What you need to do> Return all the entries below exactly, except for the images they hold.

***

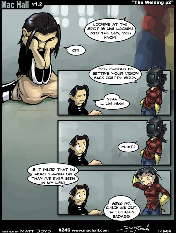 [[Micah is crouched over, both hands covering his eyes. Helen appears as a blur in the foreground.]] Helen: Looking at the spot is like looking into the sun, you know. Micah: Ow. [[Micah is sitting towards the left of the panel, squinting. Helen is standing towards the right, with her welding gear on.]] Helen: You should be getting your vision back pretty soon. Micah: Yeah. I... um. Hmm. [[Same as last panel, except Micah's eyes are wide open.]] Helen: What? [[Same as last panel, except Helen has taken her mask off and is striking a pose.]] Micah: Is it weird that I'm more turned on than I've ever been in my life? Helen: HELL no. Check me out, I'm totally badass.
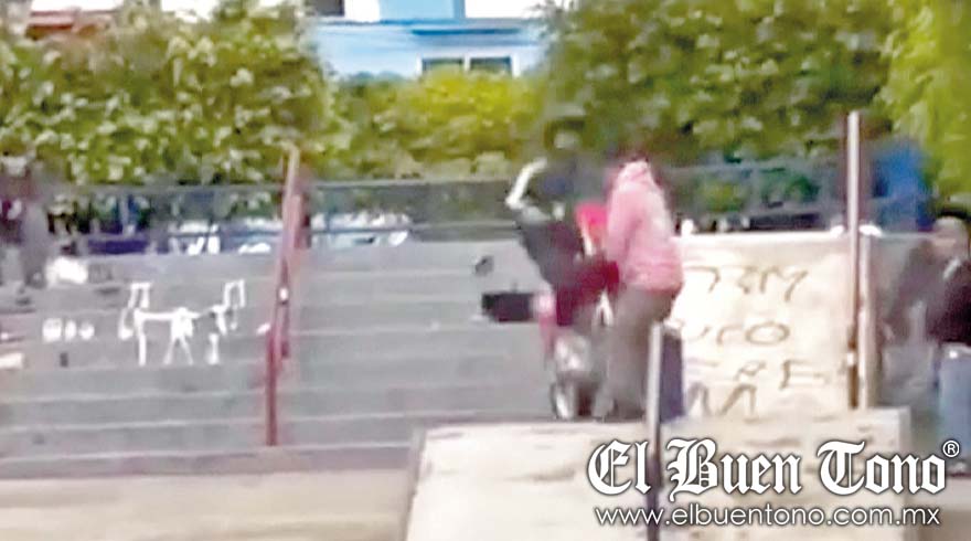 Los hechos se registraron alrededor de las 10:30 horas, cuando un grupo de jóvenes que practicaban acrobacias en patinetas invitó a un motociclista a subir las escaleras para realizar una maniobra. Sin embargo, al descender, el motociclista no pudo evitar impactar a un espectador que se encontraba cerca del área de patinetas. Como consecuencia, ambos cayeron al suelo y sufrieron múltiples contusiones.
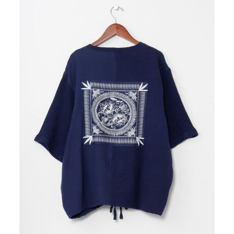 [型番:IDS-6104-2026]藍色デニムに4種の異素材を組み合わせたパッチワークメンズトップス。後ろには中国の「ミャオ族」のろうけつ染風プリント。裾紐でシルエット調整可能。
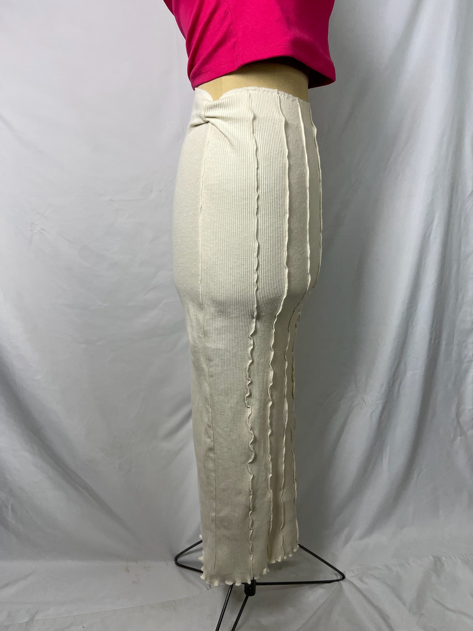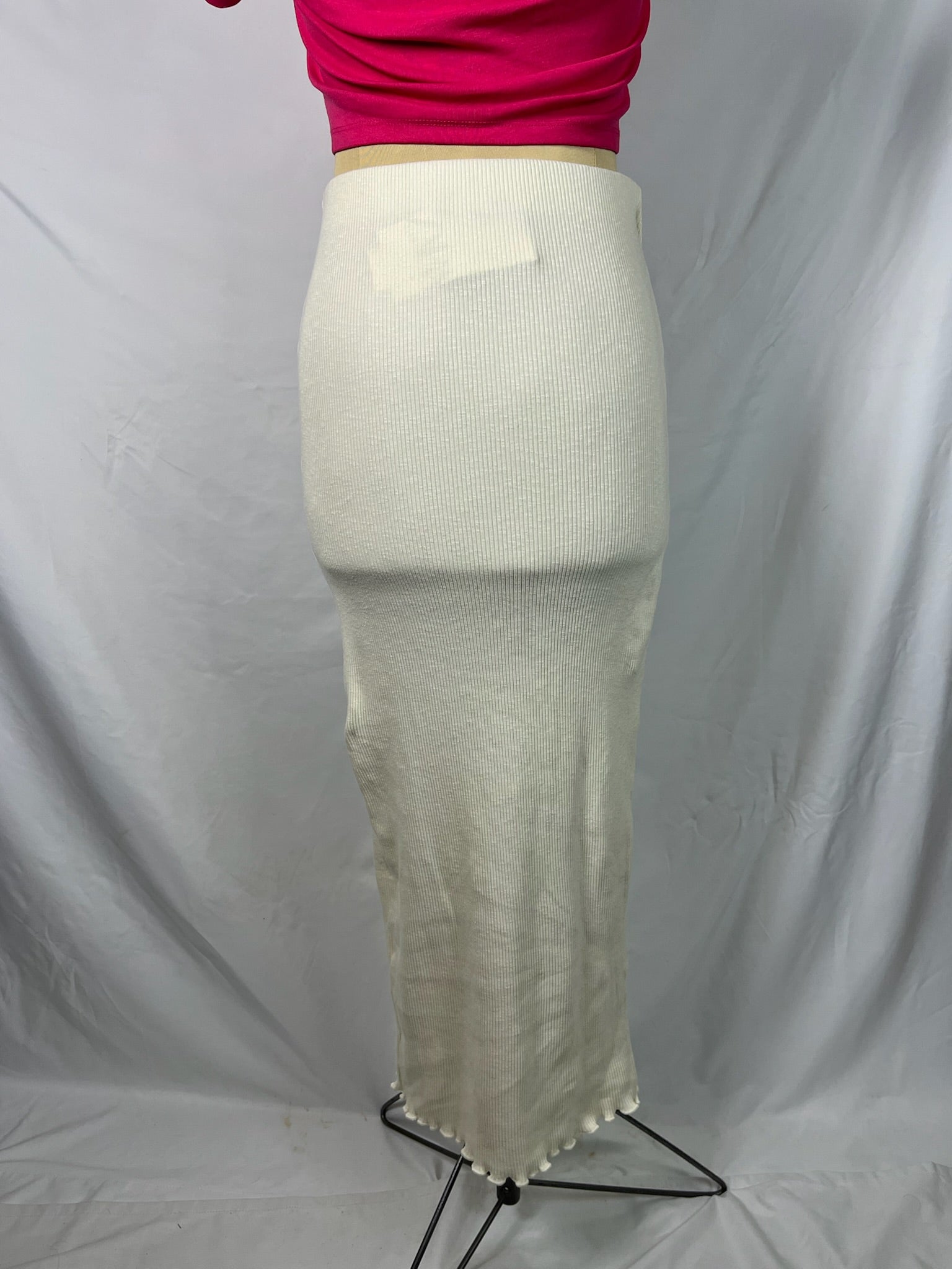 New cream ribbed fabric elastic waistband lettuce hem calf length skirt.
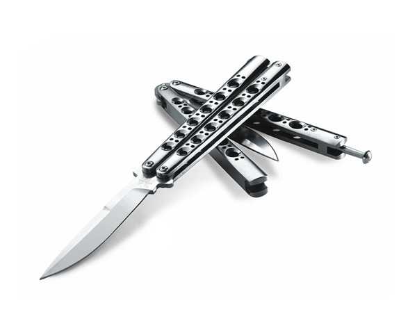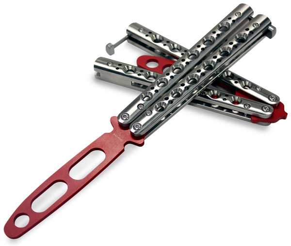 В интернете можно заказать бессмысленные и беспощадные “тренировочные инструменты”. Стоит отметить, что хорошие производители делают дырочки в клинке не просто так, а чтобы сохранить баланс веса. У тренировочных балисонгов клинок значительно толще, чем у настоящих. Дырочки нужны, чтобы такой нож весил столько же, сколько и не тренировочный. Вдоволь навертевшись игрушкой и взяв в руки аналогичную модель с острым краем, ощущения должны быть привычными. Это критически важно для трюков типа Spinning. В них мы много полагаемся на импульс, крутящий момент и не так надёжно удерживаем нож пальцами, как обычно происходит в Twirling.
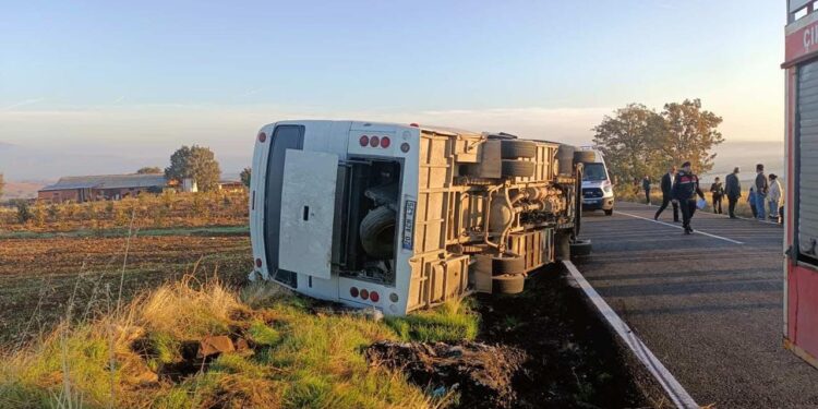 Uşak’ta tarım işçilerini taşıyan midibüs devrildi: 23 işçi yaralandı

***

Response to the exercise>
 [[Micah is crouched over, both hands covering his eyes. Helen appears as a blur in the foreground.]] Helen: Looking at the spot is like looking into the sun, you know. Micah: Ow. [[Micah is sitting towards the left of the panel, squinting. Helen is standing towards the right, with her welding gear on.]] Helen: You should be getting your vision back pretty soon. Micah: Yeah. I... um. Hmm. [[Same as last panel, except Micah's eyes are wide open.]] Helen: What? [[Same as last panel, except Helen has taken her mask off and is striking a pose.]] Micah: Is it weird that I'm more turned on than I've ever been in my life? Helen: HELL no. Check me out, I'm totally badass.
 Los hechos se registraron alrededor de las 10:30 horas, cuando un grupo de jóvenes que practicaban acrobacias en patinetas invitó a un motociclista a subir las escaleras para realizar una maniobra. Sin embargo, al descender, el motociclista no pudo evitar impactar a un espectador que se encontraba cerca del área de patinetas. Como consecuencia, ambos cayeron al suelo y sufrieron múltiples contusiones.
 [型番:IDS-6104-2026]藍色デニムに4種の異素材を組み合わせたパッチワークメンズトップス。後ろには中国の「ミャオ族」のろうけつ染風プリント。裾紐でシルエット調整可能。
 New cream ribbed fabric elastic waistband lettuce hem calf length skirt.
 В интернете можно заказать бессмысленные и беспощадные “тренировочные инструменты”. Стоит отметить, что хорошие производители делают дырочки в клинке не просто так, а чтобы сохранить баланс веса. У тренировочных балисонгов клинок значительно толще, чем у настоящих. Дырочки нужны, чтобы такой нож весил столько же, сколько и не тренировочный. Вдоволь навертевшись игрушкой и взяв в руки аналогичную модель с острым краем, ощущения должны быть привычными. Это критически важно для трюков типа Spinning. В них мы много полагаемся на импульс, крутящий момент и не так надёжно удерживаем нож пальцами, как обычно происходит в Twirling.
 Uşak’ta tarım işçilerini taşıyan midibüs devrildi: 23 işçi yaralandı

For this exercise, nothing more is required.